A funny thing happened to The Roots on their way to semi-retirement. After getting off the road and settling into a cushy gig as Jimmy Fallon’s house band, they’ve suddenly become exponentially more prolific than they ever were before– no small thing for a working band like The Roots. By ?uestlove’s own reckoning they now write hundreds of new songs every week; have collaborated on-stage with everyone from Springsteen to Randy Newman, and on-record with Betty Wright, Booker T. Jones, and Elvis Costello; and yes: Have now released three proper, post-Fallon Roots joints that have effectively redefined who The Roots are as a recording unit (not least because none of these albums actually seem to feature the full Roots lineup, making it seem as though the Roots brand is really just a vehicle for ?uestlove’s flights of fancy).

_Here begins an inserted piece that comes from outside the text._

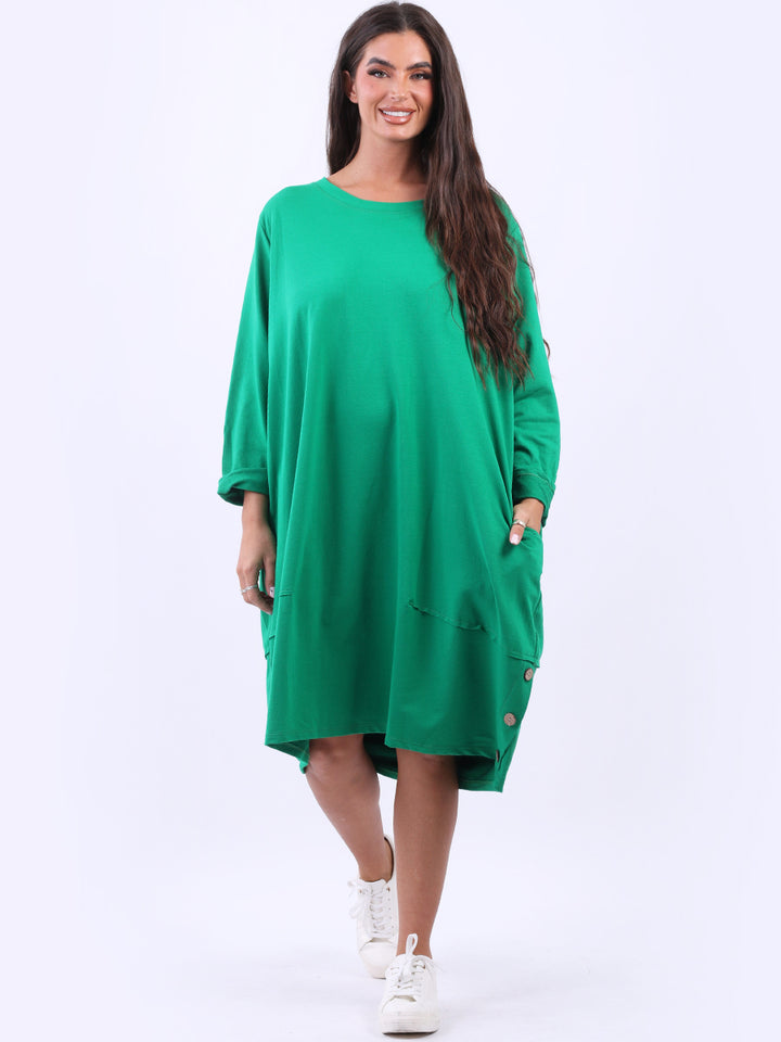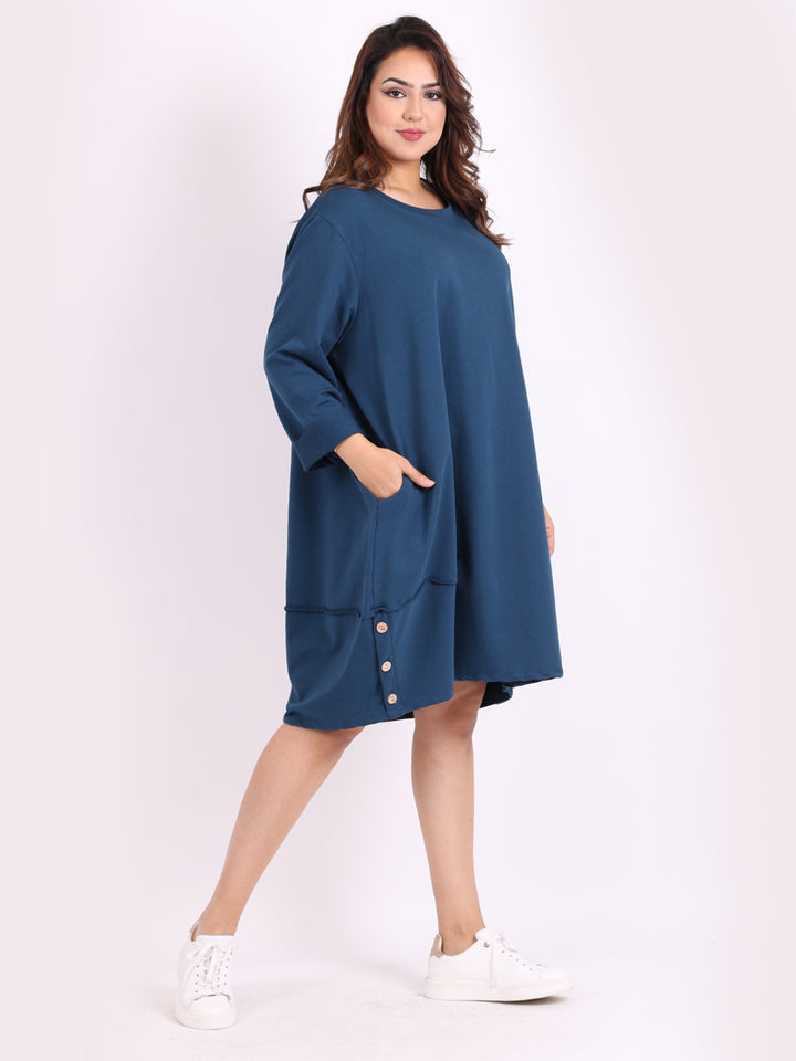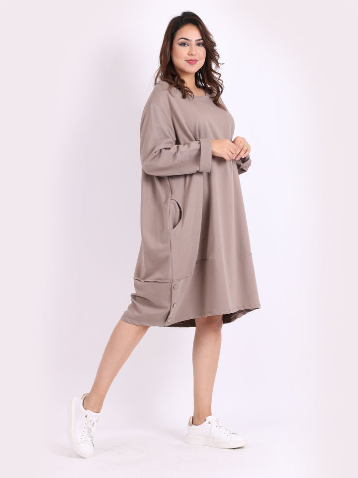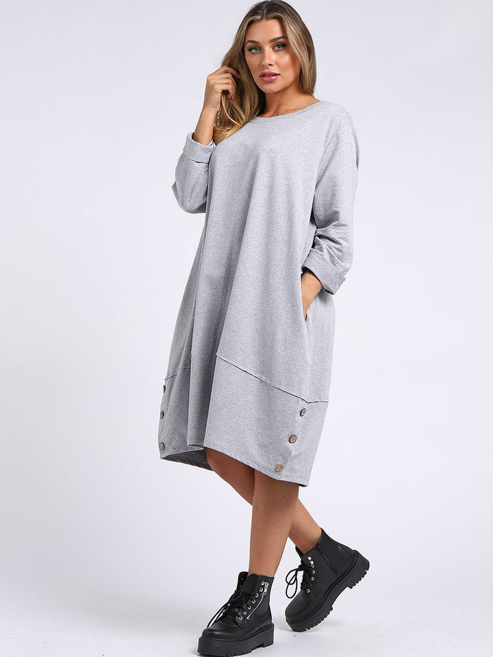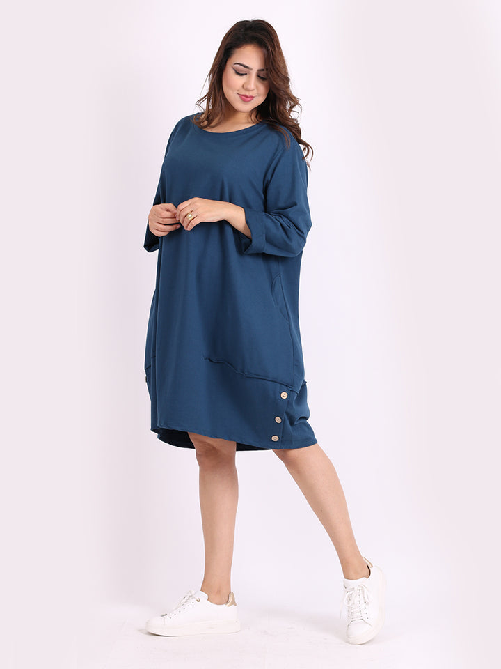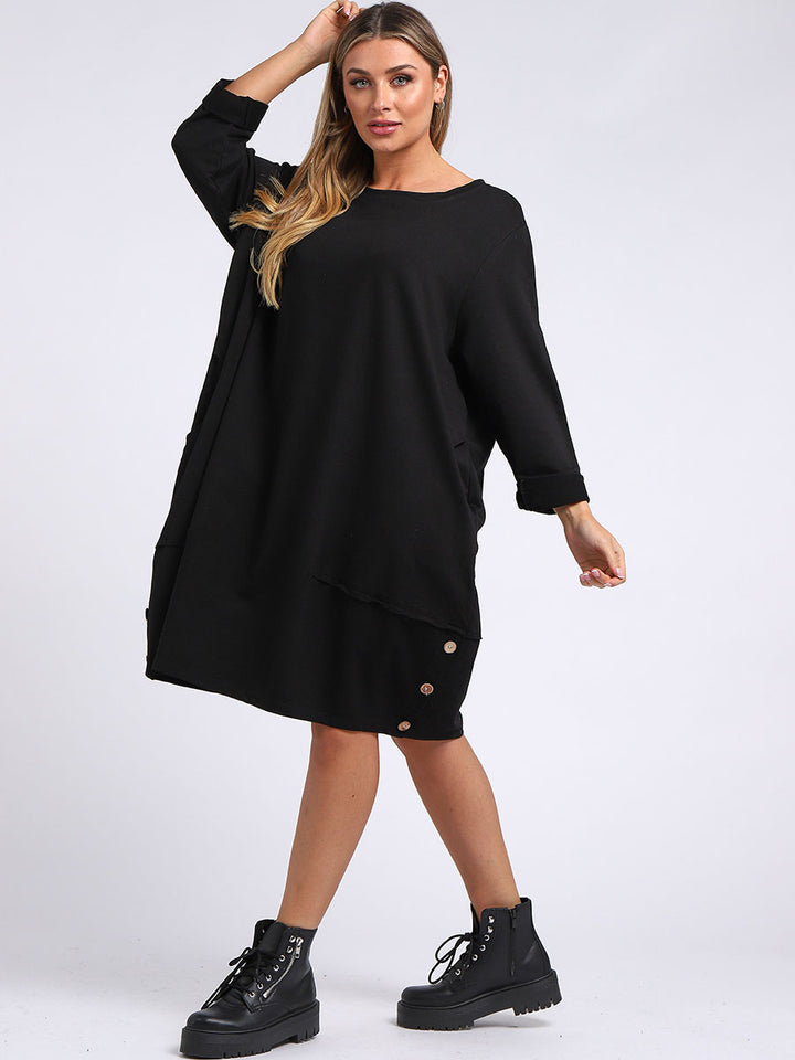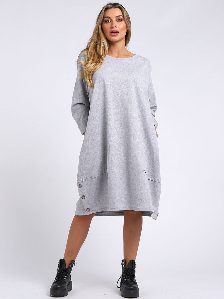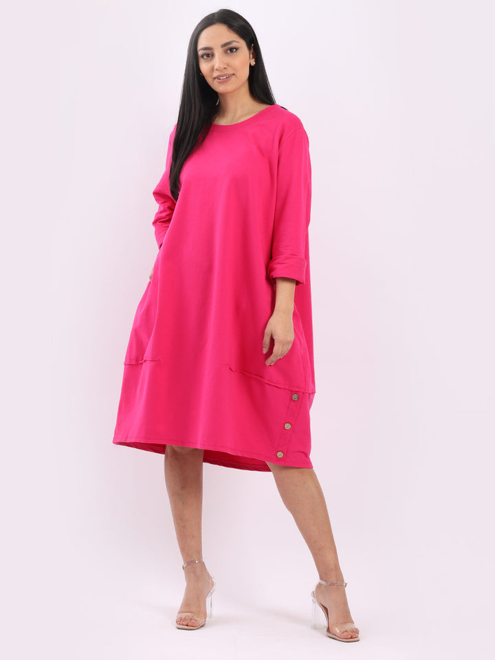 Plus Size Plain Buttoned Hem Cotton Lagenlook Slouch Dress

Ironically, regularly displaying their sense of humor on ‘Fallon’ seems to be making The Roots more gravely serious on record; their increasingly prolific nature, meanwhile, has been tempered somewhat by much shorter albums– all of them with strong conceptual thrusts, tackling middle age, the corrosive effects of capitalism, and the fractured nature of hip-hop as a culture.

New album …And Then You Shoot Your Cousin is the shortest one yet, at barely over half an hour; it’s also the bleakest, a brutal and biting satire of a culture in love with violence and completely given over to the basest drives of capitalism. ?uestlove has suggested that the record is intended as a comment on hip-hop culture– and the deeply referential lyrics, which pick up on thoughts by everyone from KRS-One to Jay Z, certainly bear this out– but to approach this record as a tourist would be to do it and yourself a disservice: We’d be fools to think this same seed of self-preserving bloodlust isn’t carried somewhere in each one of our bruised and battered human hearts—watered not by hate but by fear.

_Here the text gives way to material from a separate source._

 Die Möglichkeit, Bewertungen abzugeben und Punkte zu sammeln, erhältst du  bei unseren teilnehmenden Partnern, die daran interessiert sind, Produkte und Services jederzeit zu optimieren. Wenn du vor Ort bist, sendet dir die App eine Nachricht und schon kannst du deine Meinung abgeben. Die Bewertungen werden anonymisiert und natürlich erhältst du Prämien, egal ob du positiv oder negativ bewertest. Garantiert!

This is also their most their weirdest album—they’ve outpaced Kanye in the art-rap department, stripping away most recognizable elements of funk and instead going back to jazz and 40s and 50s pop and looking ahead into avant classical music, weaving instrumentals, snippets, and full-fledged Roots songs into an intentionally disjointed, postmodern hip-hop operetta. (Hop-hiperetta?)

It’s some weird shit, is what I’m trying to say, with weighty concerns: Violence, misogyny, and greed are offered up as the dehumanizing fruit of hip-hop culture—indeed, of an American culture now marked more by dreams deferred than by dreams brought to realization. (All of this makes the whistled, sunshiney closer, “Tomorrow,” seem like a coda so bitterly ironic that even their new pal Randy Newman might think it too dark.)

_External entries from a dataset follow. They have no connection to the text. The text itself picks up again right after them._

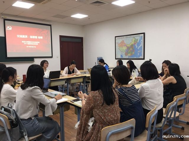2018年9月27日晚上七点,国际文化交流学院2017级研究生党支部在光华楼东主楼811会议室开展了以“树立国际视野,弘扬传统文化”为主题的组织生活会,支部书记李洁老师主持会议。学院教二党支部书记杨蓉蓉老师受邀与支部党员们进行交流。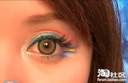 变身纳美人MM第一步,先带上绿色的彩片,影片里面眼睛是黄的 ,但是现实中弄个黄色的有点太吓人了,我们只求神韵,神似即可,绿色的还PP哦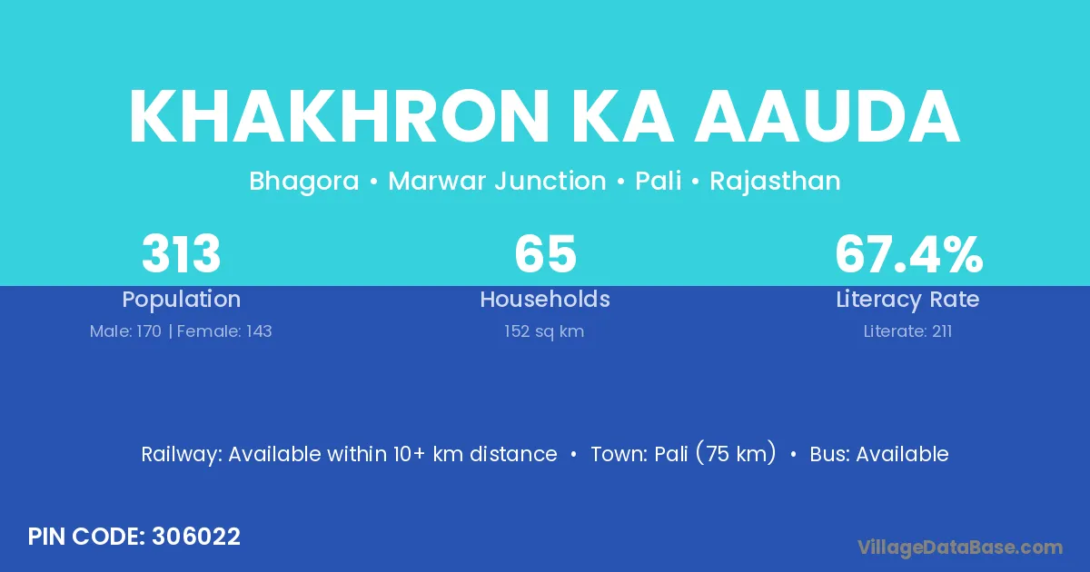 Khakhron Ka Aauda village has a total population of 313 people, of which 170 are males and 143 are females.

You could say the album is too brief, but—like A Love Supreme—its sheer intensity might make anything more than 30 minutes all but unbearable. You could also say they’ve become far too serious, and maybe you’re on to something—but right now it seems as though this is the message they’ve been given, the voice with which to deliver it. Best to stand back and let these dear hip-hop journeymen testify—because as brutal as this all can be, there’s something undeniably exhilarating about hearing a veteran band like this go so far out—while looking so far in—and conjuring a record as brave and uncompromising as this one.